ASHGEQ. Kristia did a podcast on just this a while back. ETFs are passive, but selecting is active, and trying to put together a market beating ETF portfolio is totally active. This is a global ETF with some 1,200 shares (including emerging markets but no Africa). I added it to my tax-free portfolio this year. 

Any tips for someone who is just starting out and wants to start allocating some money towards investing?

Do it, do it every month. Spend less then you earn every month and put the difference into a low cost ETF with a low cost brokerage. Fill up your R33k tax-free limit first. Then come back in say 30 or 40 years and you will have created wealth. It really is that simple but unfortunately it is also slow. There is only one quick way to get rich - marry money.

Where do you plan to retire?

By a beach. Right on the beach, not a short walk away. I wanna be able to see and hear the waves at all times.

What are your hobbies and interests? And I guess at the same time this is probably also going to be the answer to what you plan to do with your time once you no longer need to work?

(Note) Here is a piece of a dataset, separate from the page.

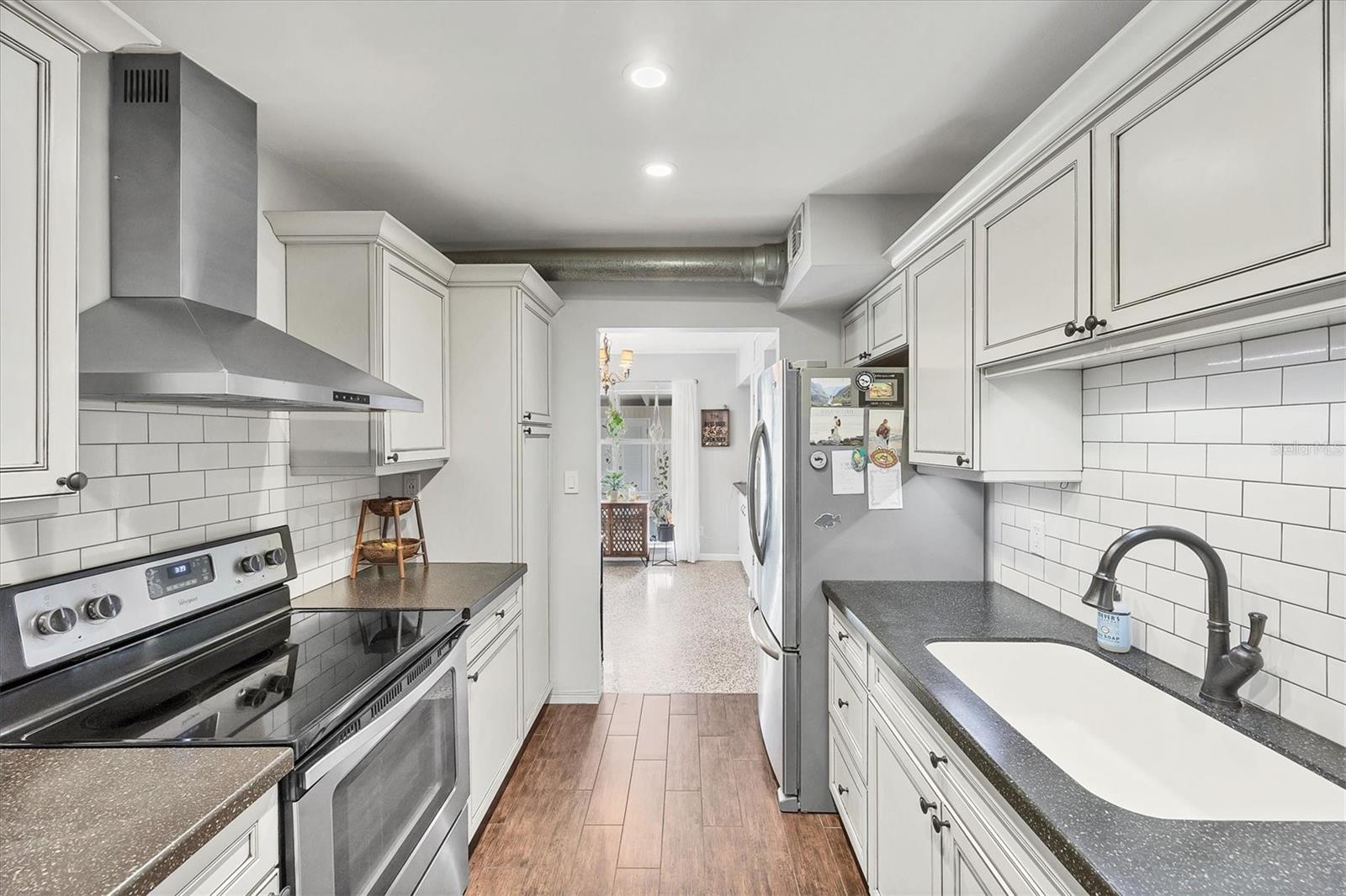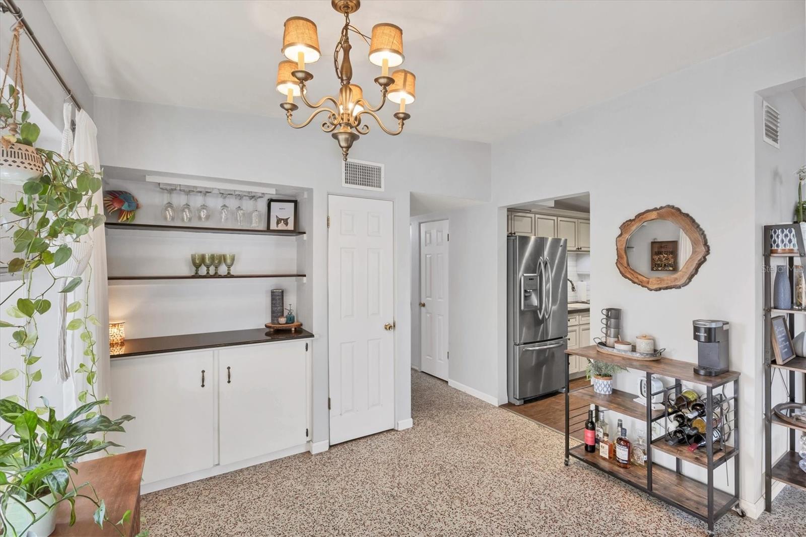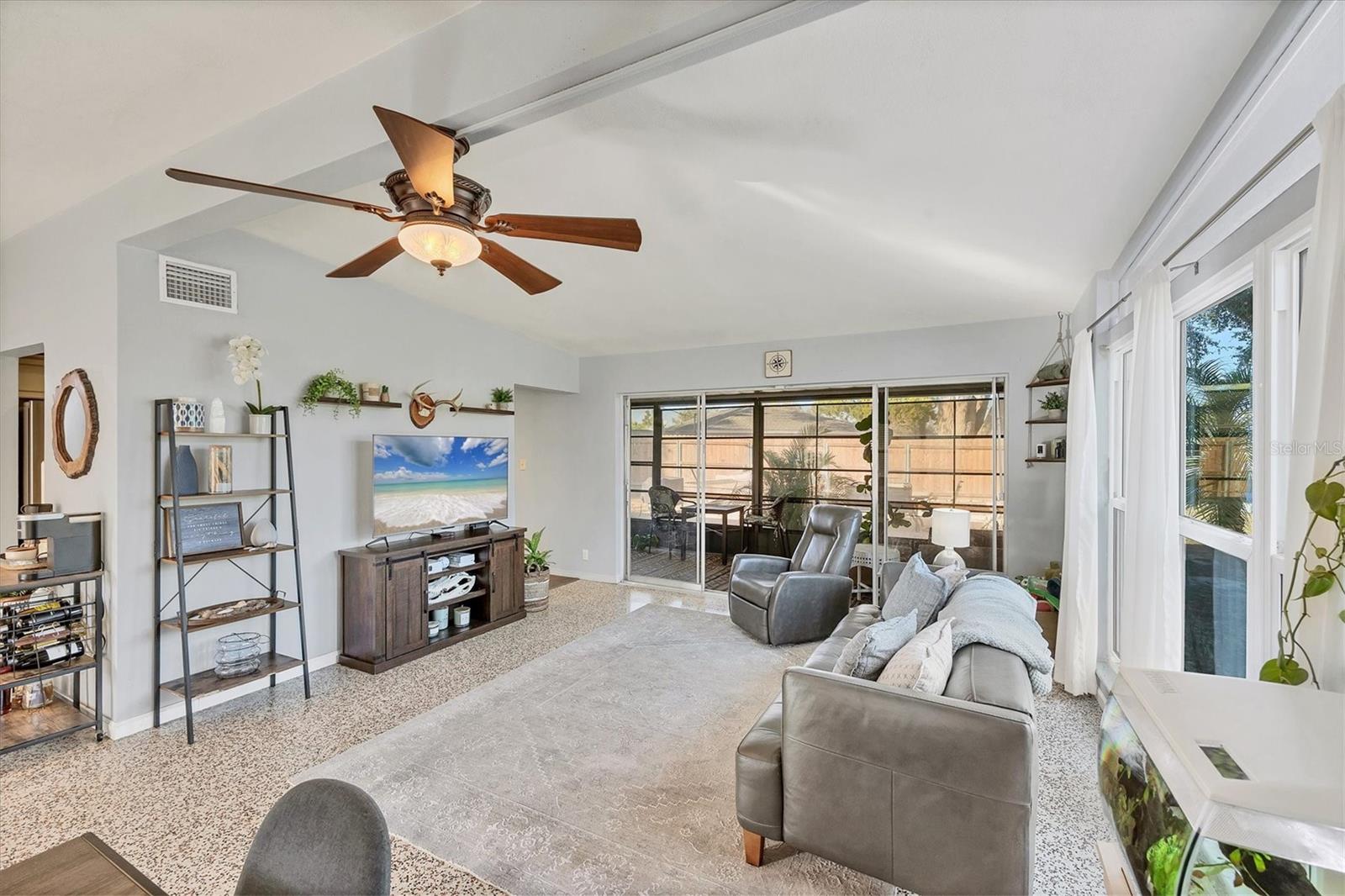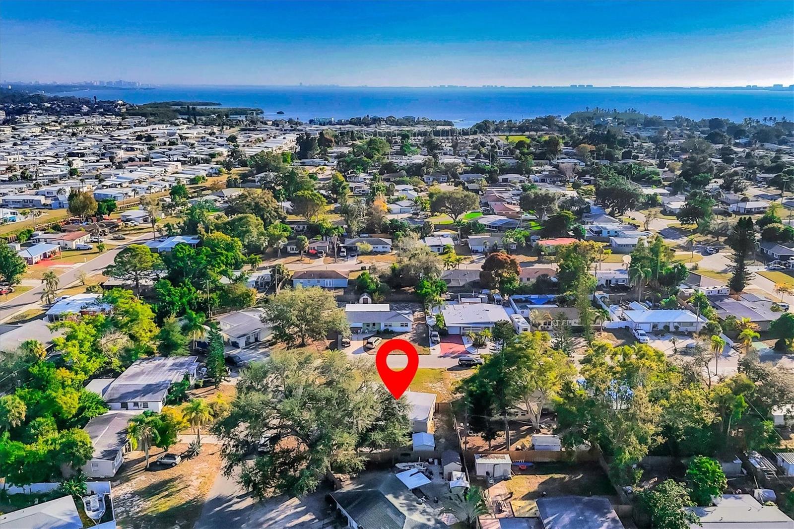 Charming mid-century modern home located on an oversized corner lot with thoughtful updates and fantastic outdoor living. This 3-bedroom, 2-bath home features a bright great-room layout with polished terrazzo floors and warm mid-century character throughout. The updated kitchen includes French-cream cabinetry, solid-surface counters, ceramic backsplash, and stainless steel appliances, with an adjoining dining area and a flexible all-seasons Florida sunroom. Major improvements were completed in 2019, including a new roof, updated plumbing, and newer A/C. Most recently (2025) the home has new exterior paint, new front windows, new backyard fence (2024) and a new garbage disposal—making this home truly move-in ready. The fenced in backyard is ideal for relaxing or entertaining with a fire pit, paver patio, and plenty of room for pets. Storage is abundant, with a backyard shed that stays, plus covered storage under the carport. Additional features: optional $10 HOA, access to the Bayshore Gardens recreation center with pool, park, marina and boat ramp, home is NOT located in a flood zone, and conveniently located near shopping, dining, and the Gulf beaches. This lovingly maintained mid-century home is ready for its next owners. Set up your showing today!

I like listening to music, reading, playing chess online, taking pictures, surfing, traveling, learning and sharing. Thanks to the Internet, there are a million things I want to get smarter about and I can. I am currently digging around the science of cooking. Huge fun and even some great food occasionally.

Looking a little bit ahead, what are your plans for the next 1-3 years?

Get Just One Lap to ten years old, take more photos, and spend more time in AirBnBs.

And for the next 5-10 years?

Get better at my surfing.

And finally, where can people find you? Hit us with all your socials and URL's


A huge thanks to Simon for agreeing to do this interview. As you have read, he is a very busy man, so it was great that he took the time out to answer questions from little old me! I guess it is once again testament to his willingness to share, teach and help people be better.

I hope you found reading the interview as entertaining as I did writing it!